:: INFORMATION GIVEN ::

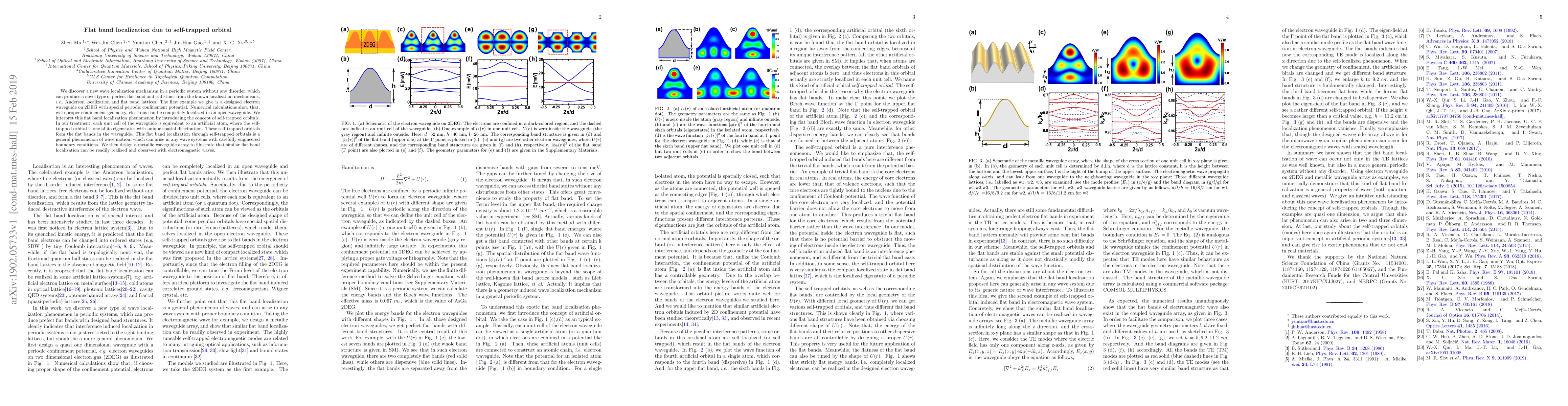 This paper presents a novel wave localization mechanism in a periodic system without disorder, termed flat band localization due to self-trapped orbitals. This mechanism, distinct from Anderson localization, produces a perfect flat band in a designed electron waveguide, demonstrating complete electron localization in an open waveguide through carefully engineered boundary conditions.
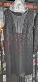 Abito usato un paio di volte composto da giacca più vestito sbracciato nero con decorazioni Simil pelle. Lungo fino al ginocchio. Si effettua spedizione a carico Dell aquirente
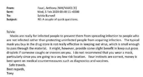 We also know that while Fauci was demanding that we all wear at least two face masks or we would all die from Covid, he privately told his friends that face masks were useless against the virus:
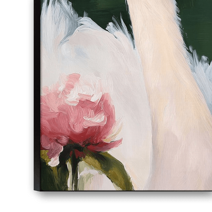 Un gracieux cygne blanc, au long cou caractéristique et au bec rose tendre, pose avec élégance parmi de luxuriantes roses roses sur un fond vert foncé. L'œuvre dégage une atmosphère romantique et sereine, les coups de pinceau délicats donnant vie aux plumes du cygne et aux délicats pétales de rose.
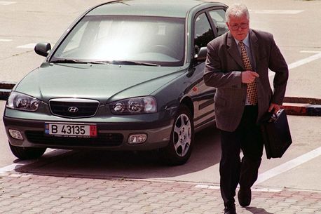 Imagine din 24 mai 2002, cu comandantul de atunci al CSA Steaua, colonelul Laurențiu Roșu, în drum spre Adunarea Generală a FC Steaua. FOTO: Mediafax
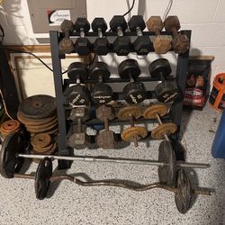 Home Gym Bundle - 350 Pounds of Weights, Barbell, Curl Bar, And Weight Tree$450Dover, FL
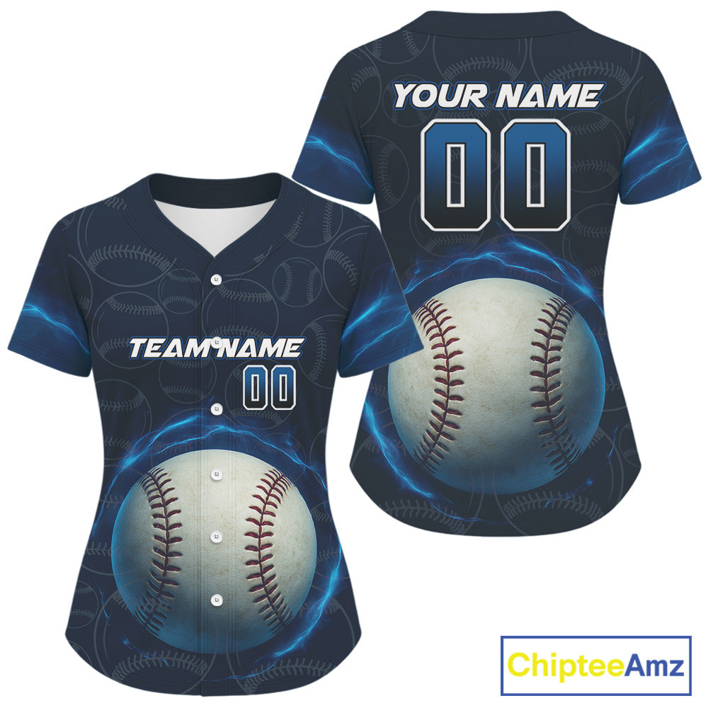 Custom Blue - Black Lightning Women Baseball Ball Jersey, Outfits Baseball Jersey For Newborns NYN1076
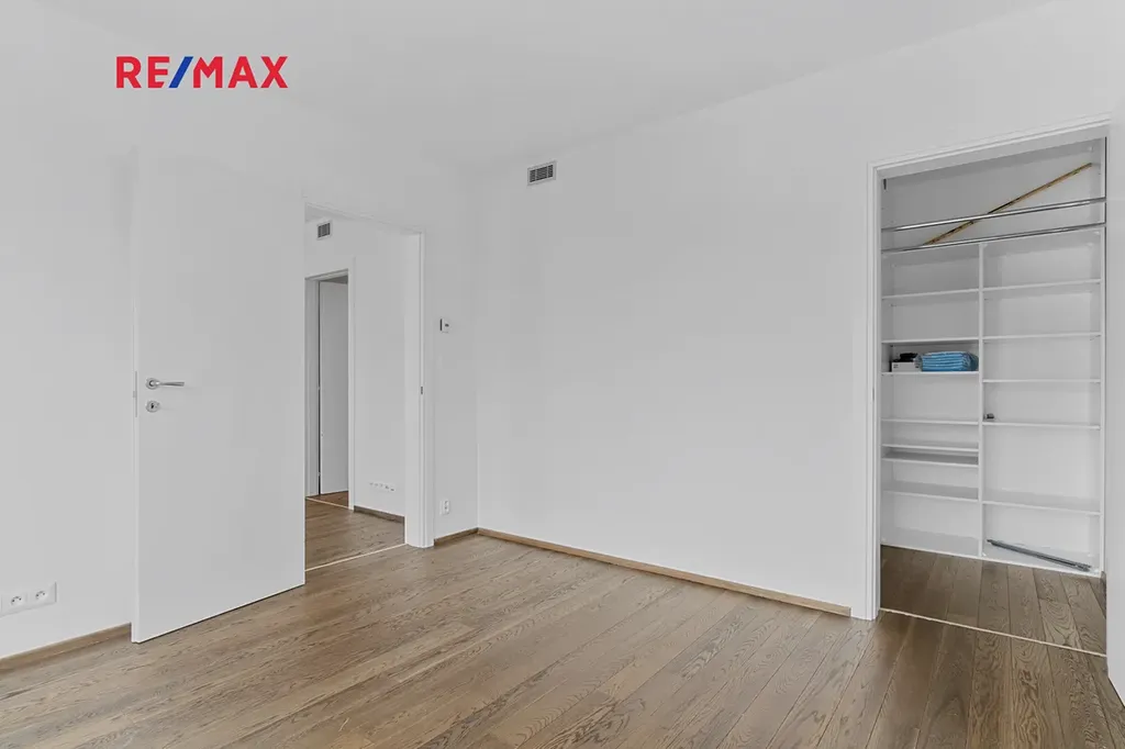 Podlahy jsou dřevěné, koupelna je vybavena prostorným bezvaničkovým sprchovým koutem. Ložnice má svoji šatnu s policovým systémem na míru.

:::

◆ PROBLEM
Would you copy out, exactly and with no pictures, only the lines above from the one that contains "Abito usato un" through the one that contains "We also know"?

◆ OUTPUT FOR THIS EXERCISE
 Abito usato un paio di volte composto da giacca più vestito sbracciato nero con decorazioni Simil pelle. Lungo fino al ginocchio. Si effettua spedizione a carico Dell aquirente
 We also know that while Fauci was demanding that we all wear at least two face masks or we would all die from Covid, he privately told his friends that face masks were useless against the virus:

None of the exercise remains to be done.